# Best Practices for Debugging
**Instructor:** Kristian Rother

* One of the most basic and over-used debugging techniques: `print()` $\Leftarrow$ guilty as charged
* "Using `print` for debugging is like shooting holes in a building to see if a fire is inside."

#### Some basic debugging methods:
1) Read error message

2) `print()`

3) Make a hypothesis: 
   * When you know the expected results
   * When you have some reproducible way of checking whether your program executes correctly
   * Test/check could be manual or automatic
   * **Important:** Keep some sort of notes to describe what the problem actually is

4) Talk to someone (rubber duck debugging)

5) Clean up code 
   * Easier to spot bugs
    
6) Assert statements

7) Interactive debugger(s)
   * `pdb`
   * `ipdb`

### `pdb`
* Start pdb by inserting `import pdb; pbd.set_trace()` into code.py; run in command line and a `pbd` session will automatically be created



* `l` : we see a portion of the program/code plus a small error that tells us where we are at this very moment; the arrow points to the line that would be executed next

* `n` : for next; executes the next line; in this way we can execute our program line by line

* `s` : cousin of `n`

* `dir()` : see what does our namespace consist of? Which variables do I have?

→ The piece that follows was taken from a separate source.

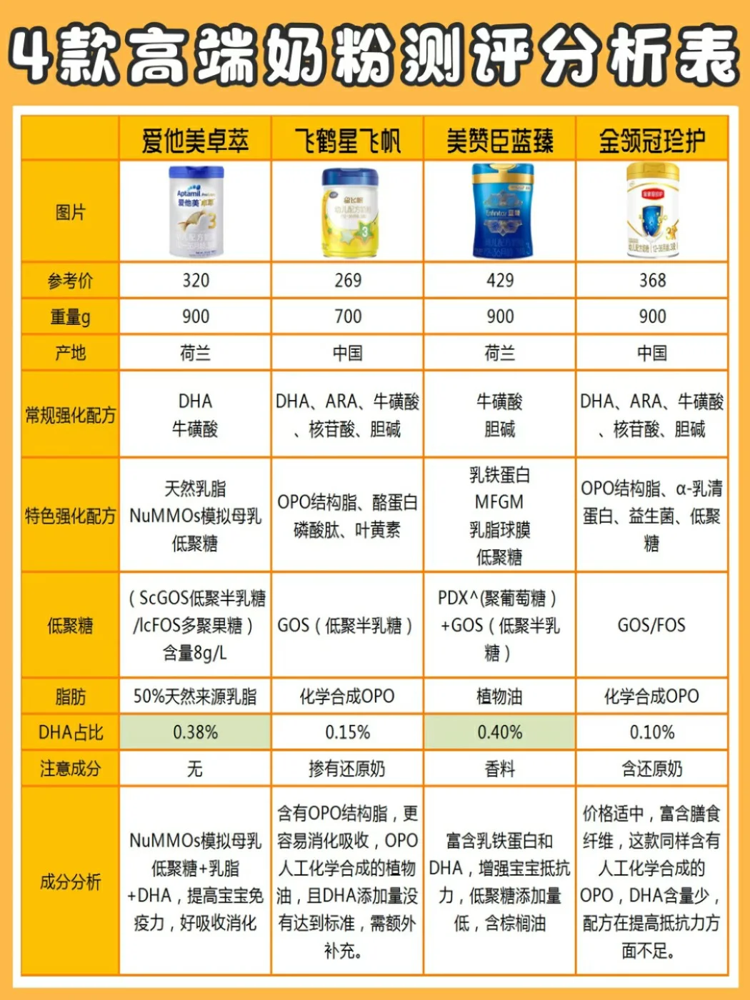 有OPO研发专利,宝宝更容易消化吸收,但是DHA含量比较低,宝宝需要额外补充DHA促进视力发育。

* `locals()` : give me all the local variables

* `b` : set a break point; a **break point** means we want the program to run until a specified point in the code and then the program stops. For example: `b 68` places a break point at line 68 (inclusive)

* `c` : continue; continue the program until it either ends or you reach a break point

* `q` : quit

* `b <line#>, cond` : conditional break points; for example: `b 69, length != sum(aa_counts)` $\Leftarrow$ this break point will only be applied if the condition evaluates as true.


* In example, `X` indicates missing data, equivalent to `NaN`

#### Linters
* `pylint`
* `pyflakes`
* points out syntax errors, other potential errors, style issues, unused variables, variables initialized more than once...
* Linters can be quite useful in preventing bugs from happening
* Anaconda and PyCharm have linters already built in (pep8 issues get highlighted)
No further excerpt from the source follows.